I'm on the the next stage of the cycle now. It goes distress and pain, then self blame and loathing, then disbelief and detachment. Season liberally with overeating and when it is really bad with abuse of OTC drugs to ensure sleep and short term oblivion.
My thoughts this morning are just that I slept till nearly 9am, so that is less day to get through, and that none of this matters. It may be true or it may be something that I manufactured. I may be exaggerating perfectly normal stuff (normal for the 1970s?) or I may have had a difficult youth. I'm just detached from it.
I'm intellectually aware that there is almost certainly a problem that needs addressing, and that problem is best defined as (c)PTSD and possibly structural dissociation. But It doesn't feel real. Two days ago it did, but I can't access that. Yesterday I was - can't find the word - enough that I couldn't wash, dress etc. Today I'm thinking I'll do some domestic stuff. For those who get Structural Dissoc. the ANP is firmly back in charge, is interested mainly in cleaning windows, and has no real knowledge of me as fragile.
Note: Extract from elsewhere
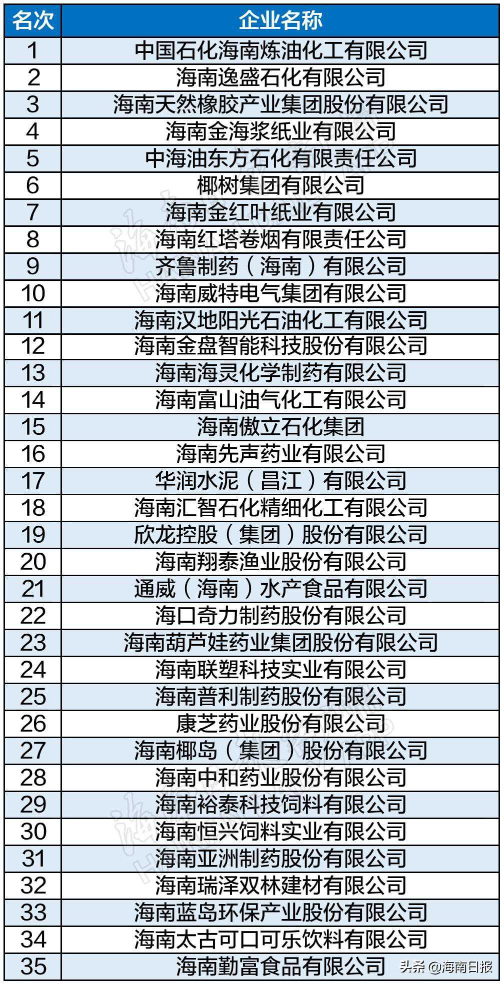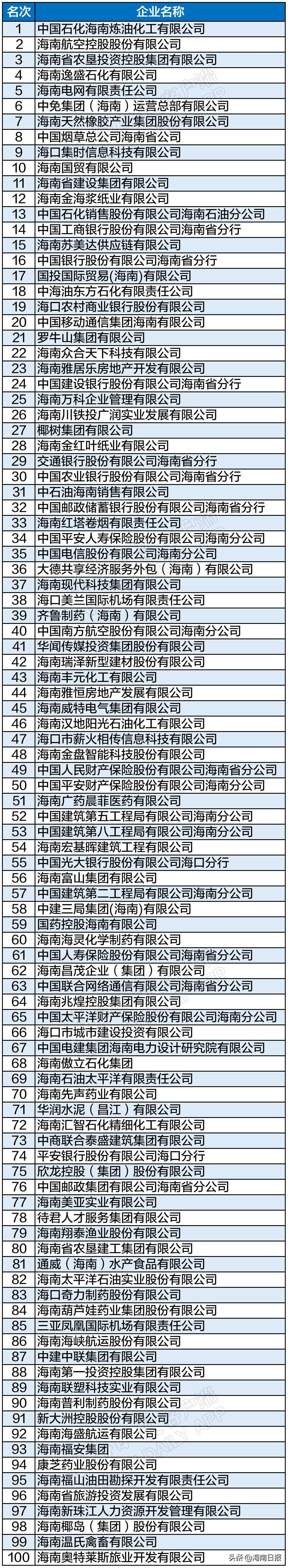 客户端丨记者周晓梦通讯员张晨曦 10月26日,海南省企业联合会、海南省企业家协会(以下简称“海南企联”)发布2021年海南省企业100强名单。这是海南企联连续16年向社会发布海南省企业100强、制造业企业35强、服务业企业50强排行榜,并同步推出海南省企业100强年度分析报告。 海南省企业联合会、海南省企业家协会举办2021年海南省企业100强名单发布会。记者周晓梦摄 榜单以海南省企业2020年营业收入为入围标准,排序得出2021海南省企业100强。其中,中国石化海南炼油化工有限公司蝉联榜单榜首,海南航空控股股份有限公司、海南省农垦投资控股集团有限公司位列第二、三名。 从2021海南省企业100强看,企业的规模、效益和贡献等都有了新的变化,特别是一大批新面孔企业上榜,一大批百强企业排名提升,展现了海南自贸港建设热火朝天的景象。 从入围门槛看,与今年世界500强入围门槛降低不同,2021海南省企业100强入围门槛为营业收入7.9亿元,比上一年度海南省企业100强入围门槛的7.88亿元增加0.02亿元。自我省2006年开展海南省企业100强排名以来,企业入围门槛连续16年保持增长势头。 从营业收入看,受新冠疫情影响,2020年,海南省企业100强实现营业收入达4541.8亿元,比上年减少5003.6亿,仅为上年的48%,这是2021海南省企业100强的最大变化。从企业盈利情况看,2021海南省企业100强企业中,共有80家企业实现利润正增长,数量与上年持平,利润总额达274亿元。 2021海南省企业100强的国际化特征方面,随着海南自贸港建设的推进,海南作为国际国内双循环“反应炉”的特征日益突显,企业的国际化步伐加快,拓展海外市场的积极性、主动性愈发强烈。从2021海南省企业100强榜单可以看出,百强企业中17家有海外收入,海外收入上亿元的有12家,其中中免集团(海南)运营总部有限公司以419亿元的海外收入名列榜首,新大洲控股股份有限公司、海南省农垦投资控股集团有限公司以143亿元和107亿元分别名列第二、三位。 在解读2021海南省百强企业排行榜单变化最大亮点时,海南企联常务会长兼秘书长冷明权提到,与2020海南省企业100强排行榜相比,虽然统计数字减少,但从2021海南省百强企业名单来看,有25家新企业上榜,成为2021海南省百强企业排行榜单变化最大的亮点。这25家企业中,有的是海南本土企业第一次上榜,有的是海南开展自贸港建设后新设立的企业。榜单的变化,也从一个侧面说明海南自贸港建设成效逐渐显现,众多企业紧抓自贸港建设机遇,不断拓展国际国内市场,在自贸港产业高质量发展上迈出了坚实步伐,同时也是海南百强企业的一次华丽转身。 全省企业代表300多人参加发布会。 附:2021海南省企业100强名单 2021海南省制造业企业35强名单 2021海南省服务业企业50强名单

However, I'm also aware that this will come round again, so I'm going to risk investing some time in continuing to work on this thread. It is a bit of a risk, both because I am much more comfortable in this Apparently Normal state and because I am so unsupported at the moment. There is some stuff I've been working on about risk management and safety that I know I need to post elsewhere, so I may try to juggle in.
So that is a day plan. I shall alternate domestication, work on this thread, mindless reality TV and puzzles, a safety thread, maybe a bit of sewing. Step One, put clothes on.